Arthur pulled himself together. This was ridiculous. He was out here, in public, admitting to being so lonely that he’d half-leapt, half-fallen into any bed that would have him.

“I always thought my brother would have children and live a long life, that I would have time to—well, to figure it all out,” he said bracingly, as though they were discussing nothing more serious than the weather.

“So you believed yourself free to do whatever you wanted until then,” Lilianna said quietly.

“Not quite,” Arthur said with a wry smile. “I knew I had to be discreet. Knew that… Well.”

His gaze returned to her.

Lady Lilianna nodded humorlessly. “Knew a future wife would not want to know of such exploits.”

Exploits . Yes, perhaps he had exploited the women he had bedded. Some had exploited him in turn, hoped a little coin would go their way, a few introductions at court. Some, like poor Celeste, had hoped it would be emotions, not favors, that Arthur would offer her.

“Tell me the truth.”

Arthur blinked. Lady Lilianna had halted again, and this time, her cheeks burned with the impropriety of speaking so boldly.

“I have told you the truth.”

“Not all of it. Not the part of you you’re holding back, even from yourself,” she said softly. “I can see it, even if you think you’re doing an excellent job at hiding it.”

And his jaw dropped.

How did she do it? Look past his bluster and his arrogance and his pride, and see—see more than he saw in himself?
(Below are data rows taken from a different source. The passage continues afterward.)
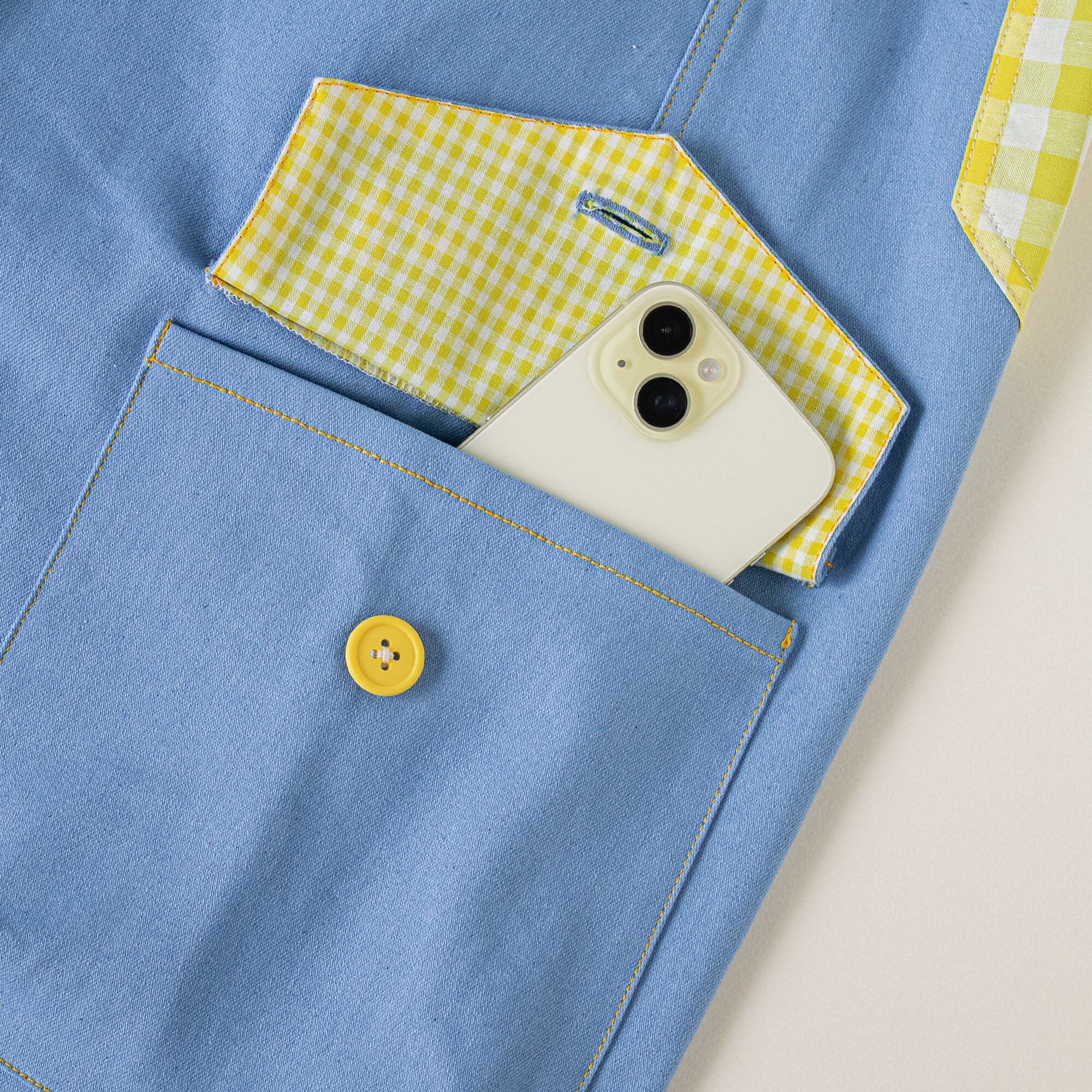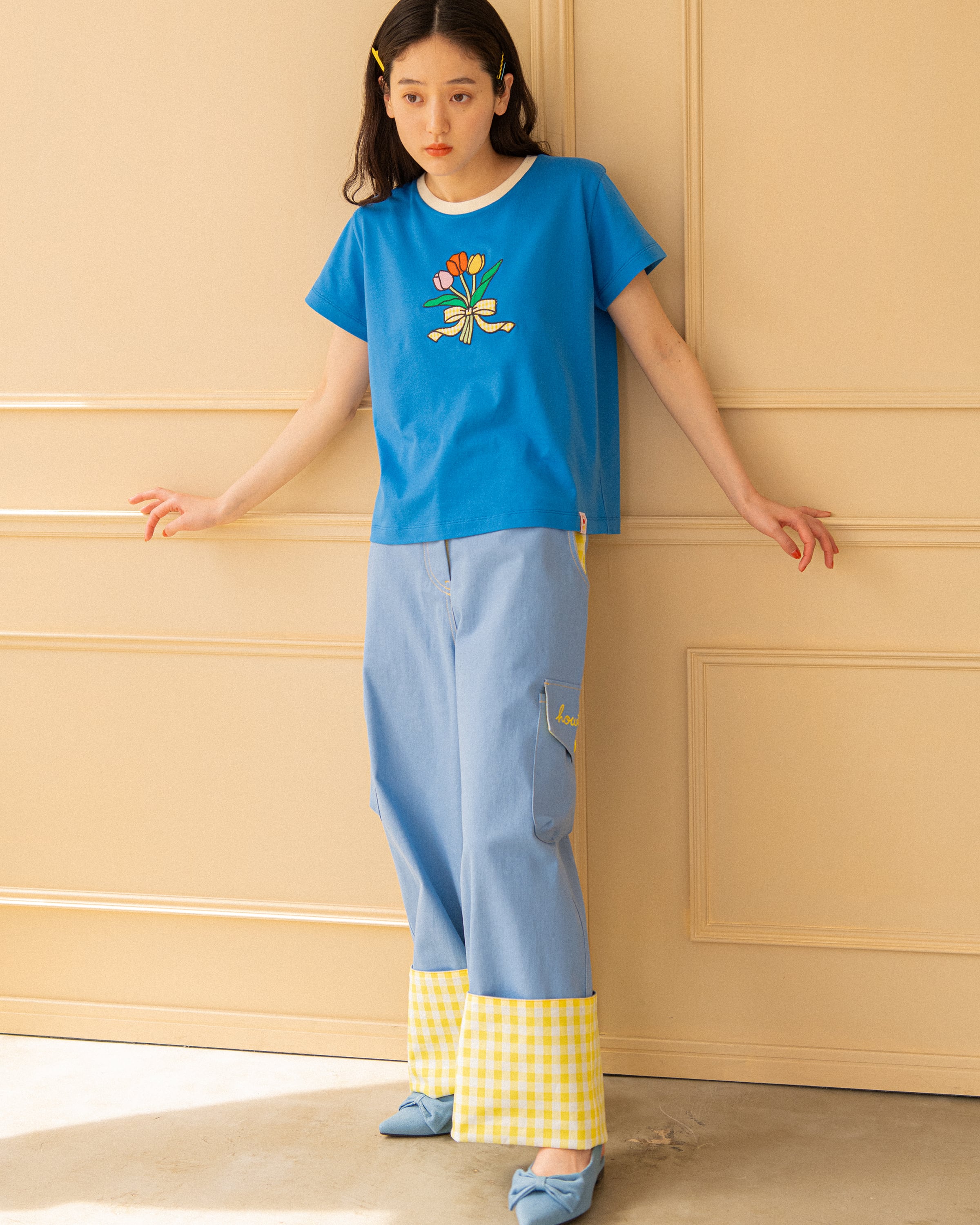 The hem has a slightly wide silhouette, making it suitable for a casual look. When you fold the hem back, the gingham fabric appears, so you can fold it in half or adjust the length to your liking.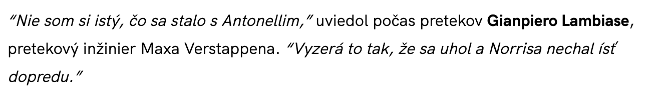 Ono tym, ze ten zaber Kimiho chyby dali do prenosu dost neskoro, tak si vsetci mysleli, ze ho pustil, lebo to tak vyzeralo. V live prenose nebolo vidiet ten Kimiho smyk, ale len sirsi vyjazd zo zakruty, ked ho Lando predbiehal, a presne to GP povedal Maxovi.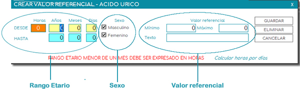 Para finalizar con el punto del rango etario debemos aprender cómo crear un valor referencial para pacientes de horas de nacidos. Para ello utilizaremos la casilla Horas e ingresaremos en ella hasta cuantas horas aplica el valor referencial.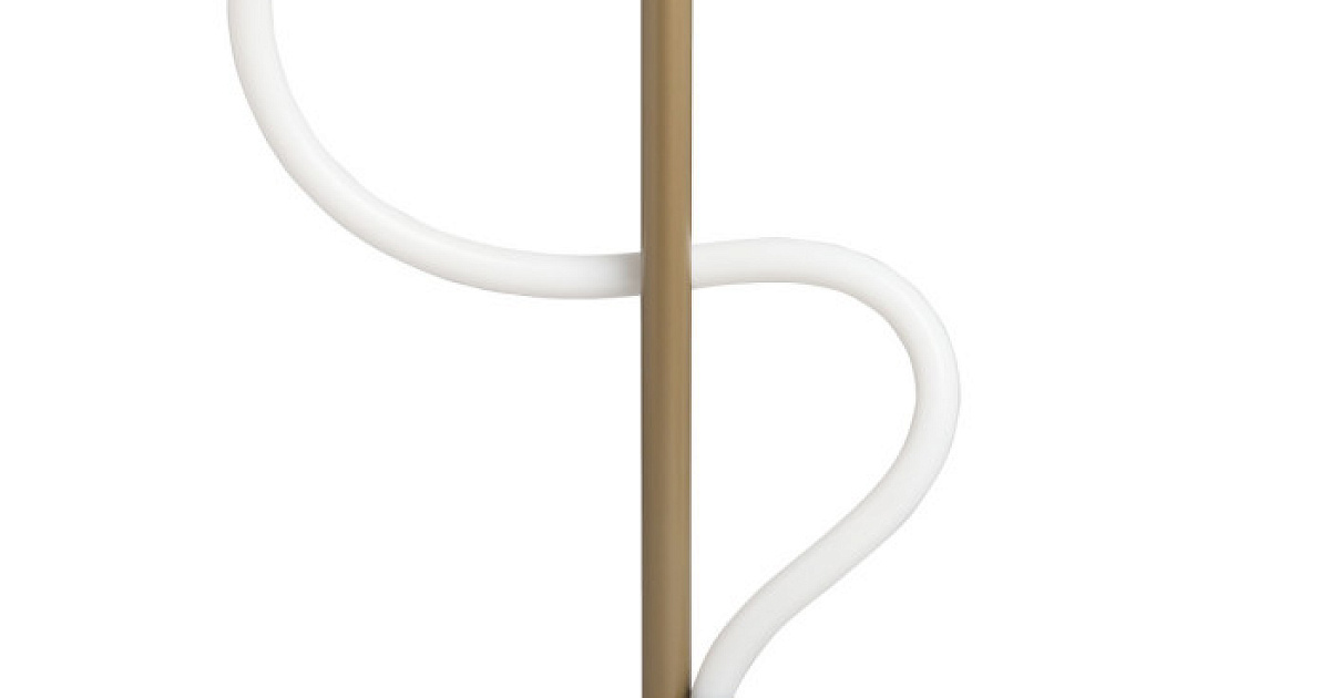 Металлическое основание настольной лампы окрашено в цвет перламутрового золота. Гибкий плафон настенного бра выполнен из белого матового силикона.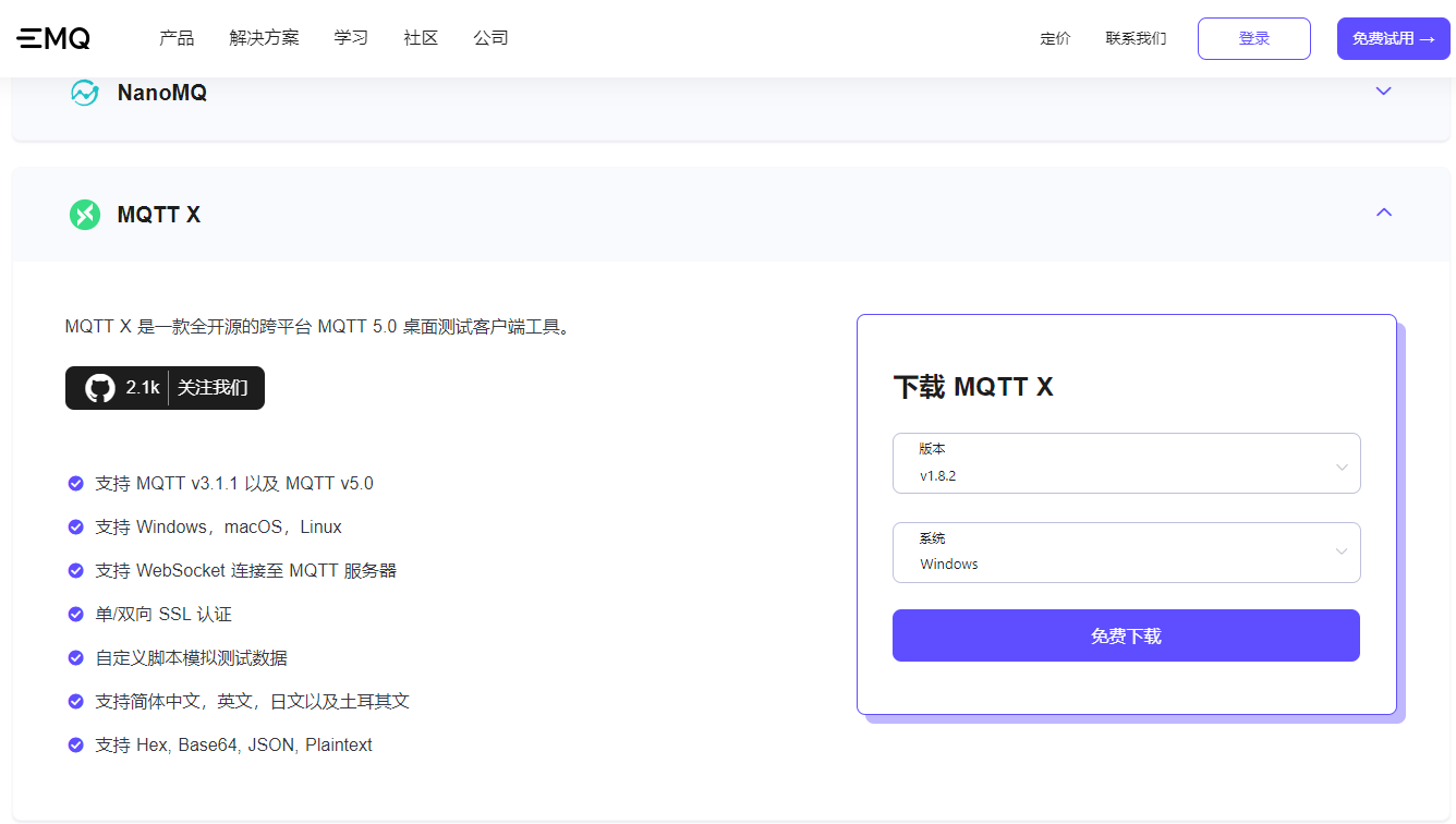 EMQ官网下载:https://www.emqx.com/zh/try?product=MQTTX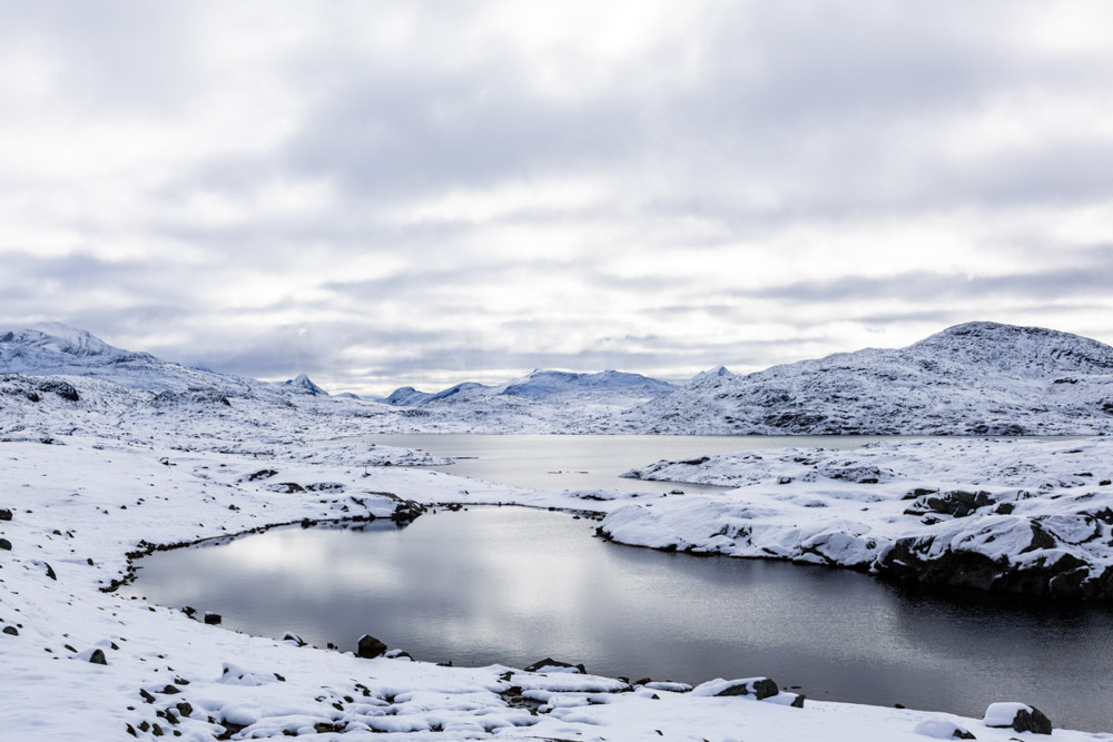Paso nuevamente por el centro del Círculo Polar Ártico. La primera vez que pasé por aquí con mi padre, todo el paisaje estaba teñido de los colores del otoño; ahora, en cambio, es un paisaje mucho más invernal, con las montañas cubiertas de blanco.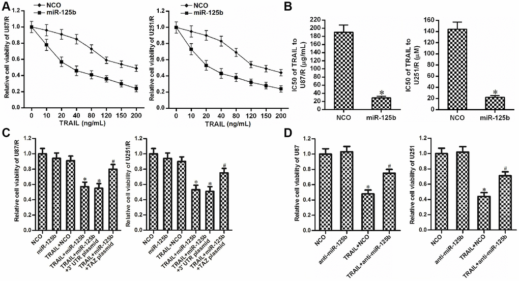As TAZ was the target of miR-125b in glioma, we next explored the effect of miR-125b on changing the drug sensitivity of U87/R and U251/R. We observed that overexpression of miR-125b reduced the drug resistance of U87/R and U251/R cells to TRAIL (Figure 4A). We showed that the IC50 of TRAIL to miR-125b-transfected U87/R cells decreased by 77.5% compared to the NCO-transfected U87/R cells. Meanwhile, IC50 of TRAIL to miR-125b-transfected U251/R decreased by 72.1% compared to the NCO-transfected U251/R cells (Figure 4B). These results showed the sensitization of miR-125b on TRAIL-induced cytotoxicity against U87/R and U251/R. However, we found that transfection with TAZ plasmid abolished the effect of miR-125b on reducing the TRAIL resistance of U87/R and U251/R (Figure 4C). Taken together, these results demonstrated that recovery of miR-125b expression can reduce the TRAIL resistance in TRAIL-resistant glioma cells through suppression of TAZ. In addition, despite TRAIL at the concentration of 10 ng/mL induced significant cytotoxicity against routine U87 and U251 cells, knockdown of miR-125b induced significant drug resistance to TRAIL (Figure 4D). These data emphasized that restore of miR-125b expression can reduce the TRAIL resistance in glioma through suppression of TAZ.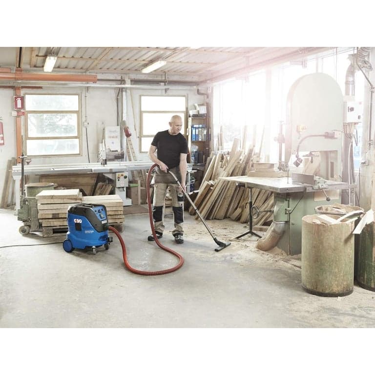 The vacuum’s 42 L impact-resistant container offers ample capacity for dust, debris, and liquids, while the compact, lightweight chassis and large rear wheels make it easy to transport between job sites. The anti-static system prevents static build-up when connected to power tools, and the power take-off socket allows automatic start/stop functionality for seamless tool integration.
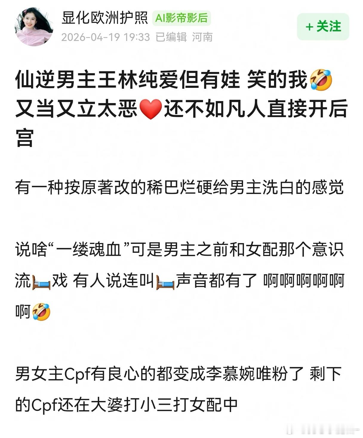 仙逆王林生儿子了,不过他自己“生”的纯爱有娃 CP纯爱党不满意。维护王林人设又不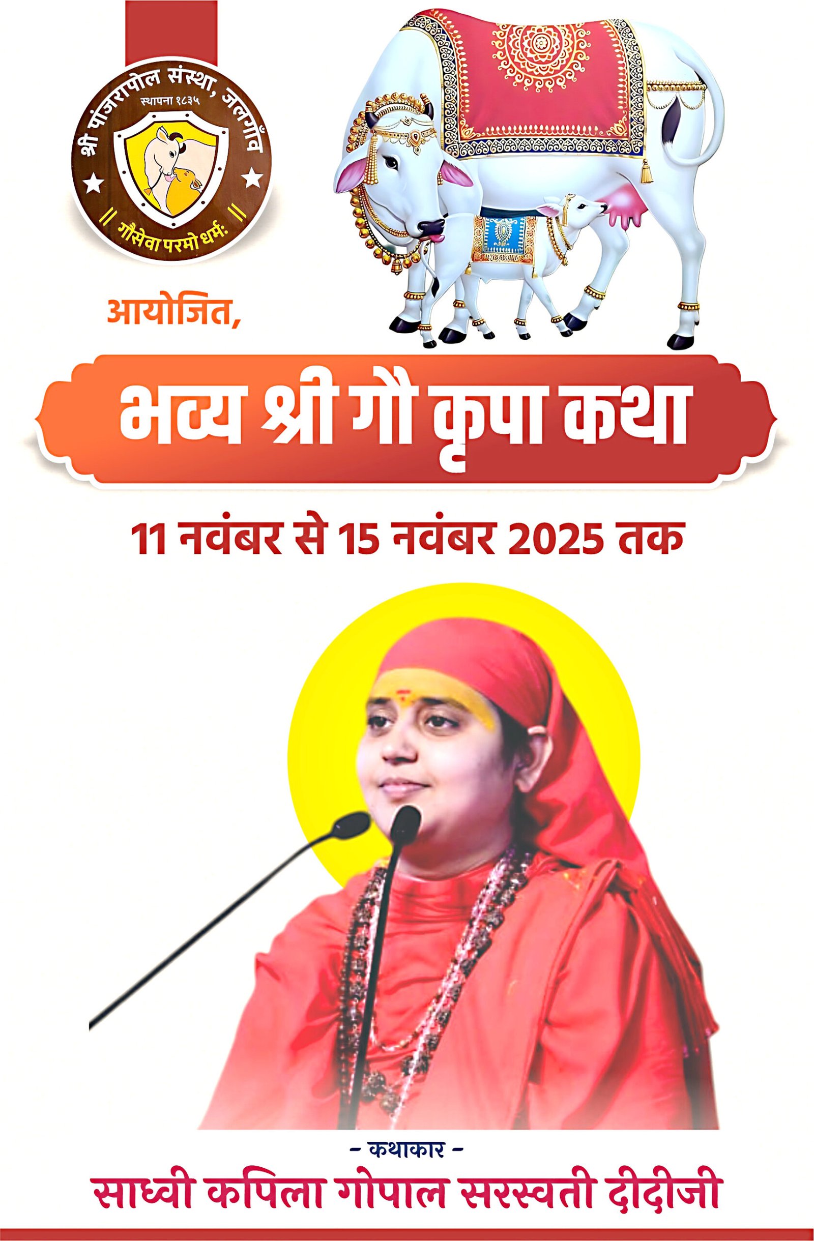 भारतीय सनातन संस्कृतीत पवित्रतेचे आणि मातृत्वाचे प्रतीक मानल्या जाणाऱ्या गौमातेची सेवा सर्वश्रेष्ठ मानली जाते. धार्मिक तसेच वैज्ञानिक दृष्टिकोनातूनही गोवंशाचे महत्त्व अधोरेखित करणारी ‘श्री गौ कृपा कथा’ भव्य धार्मिक कथा ११ ते १५ नोव्हेंबरदरम्यान आयोजित केली आहे. ही कथा श्री पांजरापोळ ‘गौतिर्थ’ संस्थेतर्फे, नेरी नाक्याजवळील पांजरापोळ प्रांगणात दररोज दुपारी ३ ते सायंकाळी ६ या वेळेत आयोजित केली आहे.

“I-I don’t know what you mean.”

“What do you want, Arthur Nelson, Earl of Taernsby?” Lady Lilianna was standing close, far closer than he had thought possible in public, her eyes trained on him and nothing else. “I don’t want to hear the bravado. What is it that you want? What do you want?!”

“Connection.”

The word had spilled from his lips before Arthur could stop it, before he could think it. Where it had come from, he did not know.

Lady Lilianna’s eyes widened.

“I want—I crave connection,” Arthur said, his words swift now as something within him unlocked as it never had before. “I don’t want to crawl out of someone’s bed and not remember her name as I leave. I want—I want to know someone. Really know them, all their secrets and the dangerous thoughts they hide, and I want to feel known. I want to look someone in the eye,” he said softly, swallowing hard, “and have them tell me that they can see me. All of me. Even the parts I’m holding back. Even the parts I’m holding back from myself. And I want them to love all those parts of me.”

He wanted her. He wanted this to be far more than just an impulsive decision to marry the first attractive woman who’d fallen into his arms.

Lady Lilianna was smiling. Her lips quirked and there was joy dancing in her eyes.

She slipped her arm through his. “Thank you for telling me.”

“I wanted to—I think I always wanted to,” Arthur admitted, his cheeks burning as they started to walk arm in arm. Hell, that part of him had been calling out to her the moment she had refused to marry him, the minx.

“I am sorry for taking the letter.”

He could feel the folded pages in his pocket. Somehow, Arthur no longer cared. “I’m glad.”

She raised an eyebrow at that. “Glad?”

Arthur nodded. The tension had gone. “It forced me to be honest with you—to tell you the truth. I never want to hide anything from you again.”